Supervised Learning (DSCI-571: Dr. Mike Gelbart)
Heading into this class I was a bit intimidated looking at the material. Anyone with an interest in data science has heard of sci-kit learn, machine learning, overfitting and underfitting, but I also knew these could be incredibly complex concepts that were not easy to unpack…. let alone in 4 weeks. To my surprise, I learned more in this class than any other I’ve taken in this degree, hands down. Mike Gelbart delivered a “flipped” classroom style course where before each lecture we were asked to watch a video on a specific machine learning classifier that we would then cover in lecture. The opportunity to absorb information prior to lecture was a huge help in scaling my learning, and allowed me to go deeper into the concepts we covered in lecture as a result. Mike’s examples and notes were extremely clear and helpful, and when paired with the labs I could see the power of the sci-kit library and how many of the classifiers could be applied to a range of datasets from music rankings (Spotify), voting patterns in political elections (Democrat vs Republican), to natural language processing (IMDB Movie Reviews), just to name a few. We also covered critical concepts like cross-validation, balancing your training and test error and how determining the ‘accuracy’ of a given model isn’t always as straight-forward as it may seem. Any student leaving this class is capable of: applying machine learning algorithms with the fundamental trade-off of selecting hyperparameters kept in mind, and understanding what algorithms may be best for classification or regression problems.
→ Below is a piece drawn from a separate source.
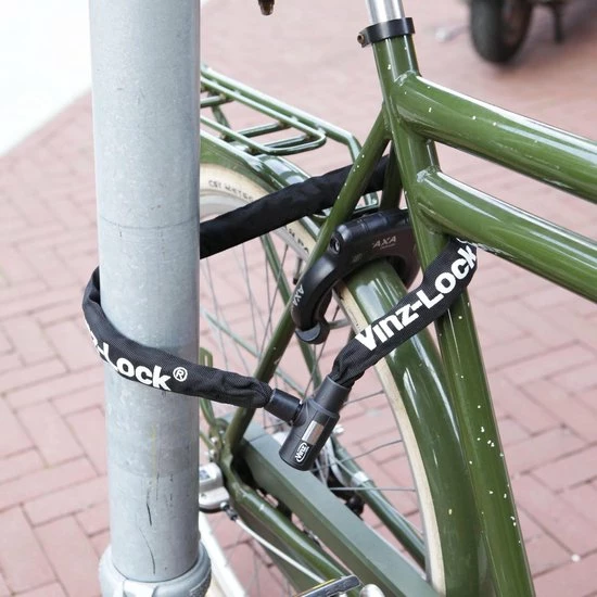 De 23mm dikke ketting is gemaakt van meerdere kleine schakels met een schakeldikte van 6mm, waardoor de ketting erg flexibel is en makkelijk om een paal of je zadel kan heen worden geslagen.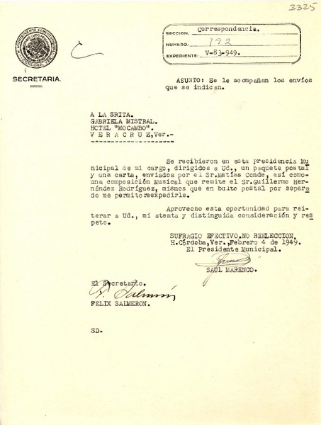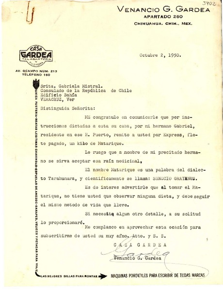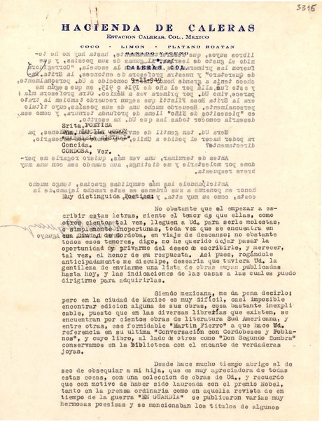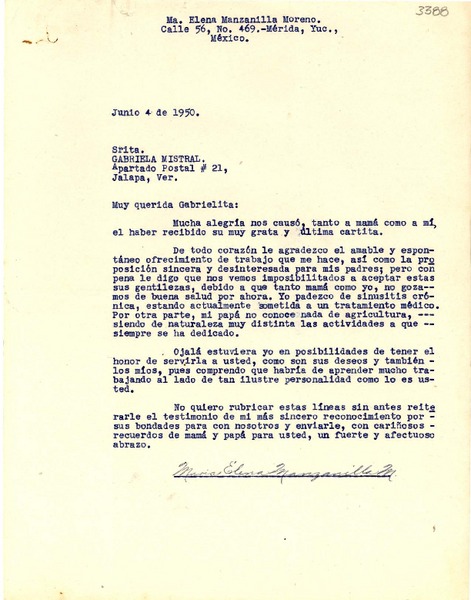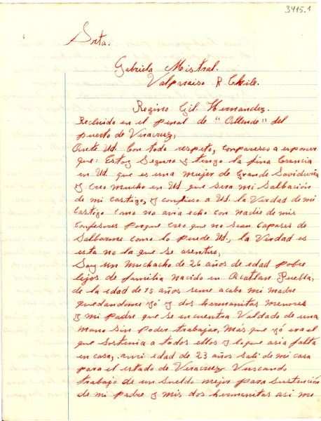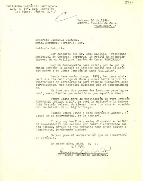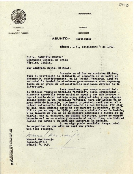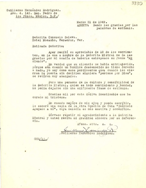Hernández, Manuel A. - Manuscritos mexicanos - Correspondencia - Mistral, Gabriela

There is so much to learn in this area and while it feels like we’ve still scratched the surface on how different algorithms actually work underneath the hood (math and assumptions represented as code within each function) and perform under certain conditions with different kinds of data, it taught me that these topics don’t have to be intimidating to get into. In fact, if you focus on a high-level understanding of what’s happening when an algorithm is fit to data and predicts on new data and consider WHY some algorithms may be more effective than others at this process, you can walk away with a great foundation of machine learning fundamentals. For anybody whose new to concepts in data science, there can be a sense of fear in students when confronting machine learning courses and understandably so because they are indeed complex topics. While there are a plethora of materials available out there to learn on your own and it has never been easier, what really made MDS worth it is to know what to learn within ML, in what order to best digest the info, and to have someone take you through simple examples of how it can be applied and present important concepts to you in a way that are gradual to help build your intuition and grasp of the information.
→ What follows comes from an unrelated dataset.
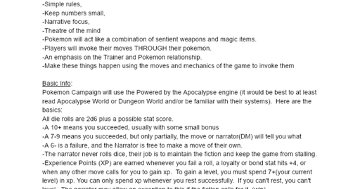 For those interested, here is a Pokemon ttrpg that tries not to be as crunchy as other systems I’ve seen out there. Instead, it uses PbtA to make the game feel more like the manga/anime. I doubt I’ll ever finish this, so feel free to take what is here and use it/tweak it for your table. If you do post an updated version, I just ask you reference us and send a link so I can see your handy work!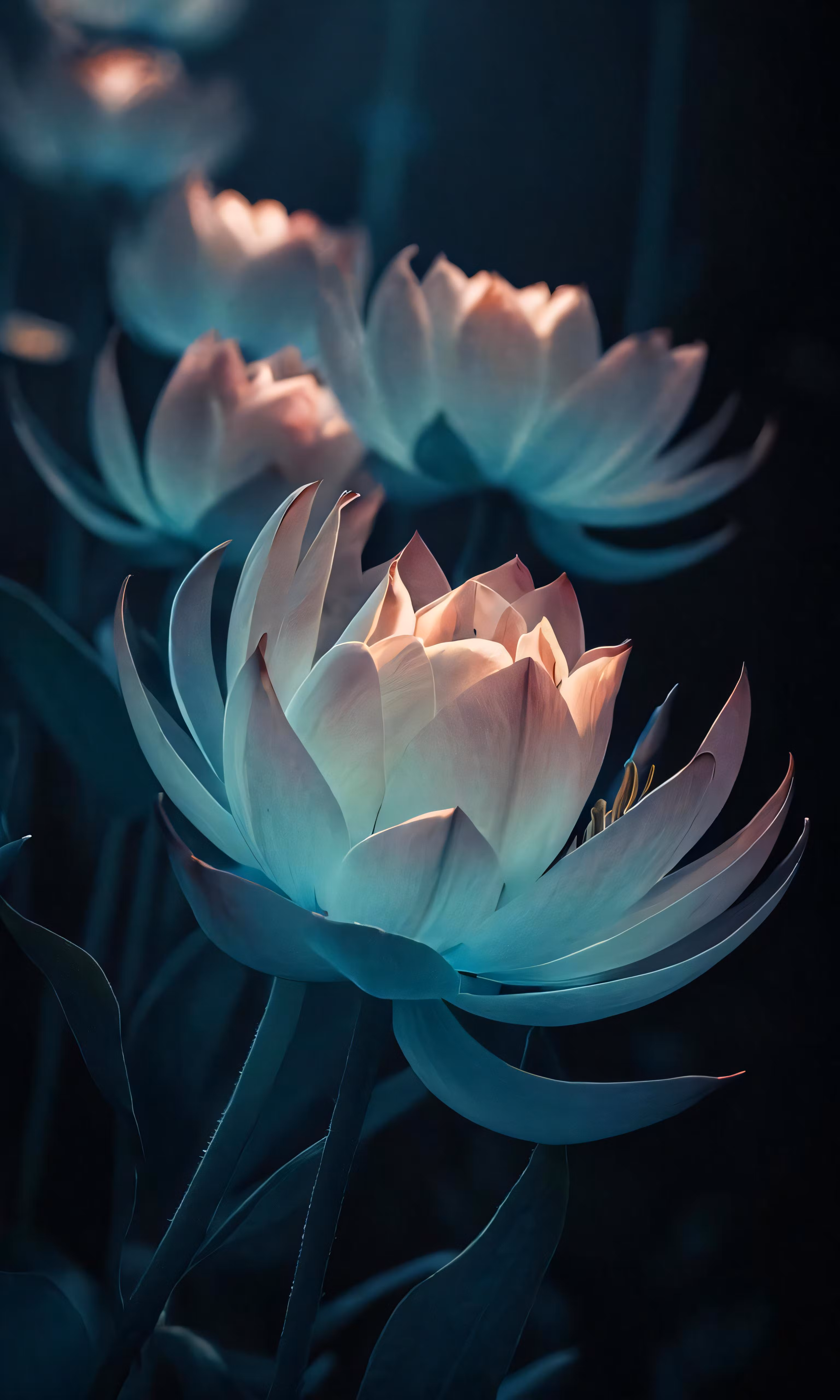 High resolution picture, free to use, white lotuses bloom in the sun and green stems

With that in mind, I have to thank Mike and Varada (Head TA) for designing this curriculum in a way that was extremely digestible. I had heard rumours that DSCI 571 was quite difficult for the previous cohort and I think they both took this to heart in designing the curriculum and labs this year, hats off to them. I also consistently got the impression they cared about the success of students in the course, and would do whatever is needed to help you understand concepts whether its extending or adding office hours, recommending new materials or addressing slack questions promptly.
For any future students, coursework like this is likely a core reason why you are applied to MDS, and I can happily say it is also where you will feel like you’re growing the most in this degree and I’m glad I feel I made the most of this opportunity.
Data Science Workflows (DSCI-522: Dr. Tiffany Timbers)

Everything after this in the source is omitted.